Avec 220 pages en moyenne, le numéro 1 du mensuel est lancé au prix de 2 euros puis passera à 3.95 avec une diffusion envisagée de 2/3 en kiosque et 1/3 par abonnement.

Le principal média de lancement est le mobilier urbain de JCDecaux. 8 000 faces ont été achetées par KR Media avec une création de l’agence Gabriel, enseigne alternative de Gabriel Gaultier.
Vanity Fair est un lancement basé sur des business plans rigoureux mais où «l’envie de folie, de risque et d’enthousiasme» ont pesé dans la décision de lancer. Le groupe Condé Nast n’a peut-être pas envie de laisser retomber cette envie de risque en France car «la marque Wired, envisagée un temps pour ce produit, n’est pas définitivement abandonnée».

La presse magazine inquiète

Ce lancement met le monde de la presse magazine en émoi en raison de la concurrence que le mensuel risque d’exercer dans un marché de la publicité orienté à la baisse : au premier trimestre, les recettes publicitaires dans la presse magazine ont baissé de 10,8 %. Le seul secteur qui se maintient est celui des annonceurs de mode et beauté (-2 %). Celui-là même que vise le mensuel du groupe Condé Nast. « Le marché s’affole parce qu’il voit débarquer un concurrent de poids dans une conjoncture difficile », note Luciano Bosio, consultant médias.

De l’avis général, Vanity Fair est la référence dans la presse magazine. Aux Etats-Unis, le mensuel propose tous les mois des articles longs à l’écriture soignée, avec un mélange de thèmes intellectuels, de sujets « people », le tout avec une touche de glamour. « C’est un mythe ! s’exclame Raphael de Andréis, directeur général d’Havas Media France. C’est le magazine que mon père rapportait de ses voyages aux Etats-Unis, après l’avoir acheté à l’aéroport. Il restait des semaines sur la table du salon, jusqu’à ce qu’il soit trop écorné… »
Récemment encore, la réalisatrice Sofia Coppola a contribué à la notoriété du titre en proclamant que le sujet de son dernier film, The Bling Ring, était inspiré d’une histoire lue dans Vanity Fair…

L’engouement des annonceurs pour Vanity Fair comporte une part d’irrationalité, comme le souligne Véronique Priou, directrice de l’achat presse chez Vivaki : « Les annonceurs du luxe y sont allés sans même voir le produit ! Condé Nast est une pépite, avec de très belles marques comme Vogue et GQ. Ce sont des petites vitrines bénéficiant d’une aura qui échappe aux règles du marché classique. »

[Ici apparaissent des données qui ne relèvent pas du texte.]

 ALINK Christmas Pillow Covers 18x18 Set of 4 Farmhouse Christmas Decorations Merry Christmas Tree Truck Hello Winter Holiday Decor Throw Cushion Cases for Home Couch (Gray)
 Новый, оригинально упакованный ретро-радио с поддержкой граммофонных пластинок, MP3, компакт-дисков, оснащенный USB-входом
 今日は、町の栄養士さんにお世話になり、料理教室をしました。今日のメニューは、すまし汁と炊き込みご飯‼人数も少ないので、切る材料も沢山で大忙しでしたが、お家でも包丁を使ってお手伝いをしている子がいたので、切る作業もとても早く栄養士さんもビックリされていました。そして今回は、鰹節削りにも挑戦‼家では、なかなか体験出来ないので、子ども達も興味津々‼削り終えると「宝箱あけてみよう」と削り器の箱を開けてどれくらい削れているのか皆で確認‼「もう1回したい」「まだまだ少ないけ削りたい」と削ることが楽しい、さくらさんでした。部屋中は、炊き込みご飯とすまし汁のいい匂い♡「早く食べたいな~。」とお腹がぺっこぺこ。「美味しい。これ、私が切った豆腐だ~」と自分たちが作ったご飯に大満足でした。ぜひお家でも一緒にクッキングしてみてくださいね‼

Cette aura de marque ne suffit pas pour autant à garantir le succès du Vanity Fair français. Il faudra aussi que le lancement soit un succès en termes de diffusion. Même si, dans le modèle économique de Condé Nast, les recettes publicitaires peuvent représenter jusqu’à 80 % du chiffre d’affaires. « Son concurrent M. le magazine est diffusé avec Le Monde, Obsession avec Le Nouvel Observateur, prévient Mme Priou. Vanity Fair va devoir trouver sa place. » Pour M. de Andréis, au contraire, l’arrivée d’un concurrent devrait « renforcer ce segment ».

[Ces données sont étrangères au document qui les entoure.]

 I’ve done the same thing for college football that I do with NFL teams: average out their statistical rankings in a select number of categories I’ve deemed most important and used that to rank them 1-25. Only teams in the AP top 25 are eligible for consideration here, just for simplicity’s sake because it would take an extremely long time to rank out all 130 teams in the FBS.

Enfin, certains se demandent si le mélange propre à Vanity Fair, fait de people et de glamour haut de gamme est transposable en France. « Nous avons peu de stars internationales de grande envergure. Faire du « people » haut de gamme chez nous, est-ce que ce sera mettre Johnny Halliday en couverture ? » s’interroge un spécialiste de la presse.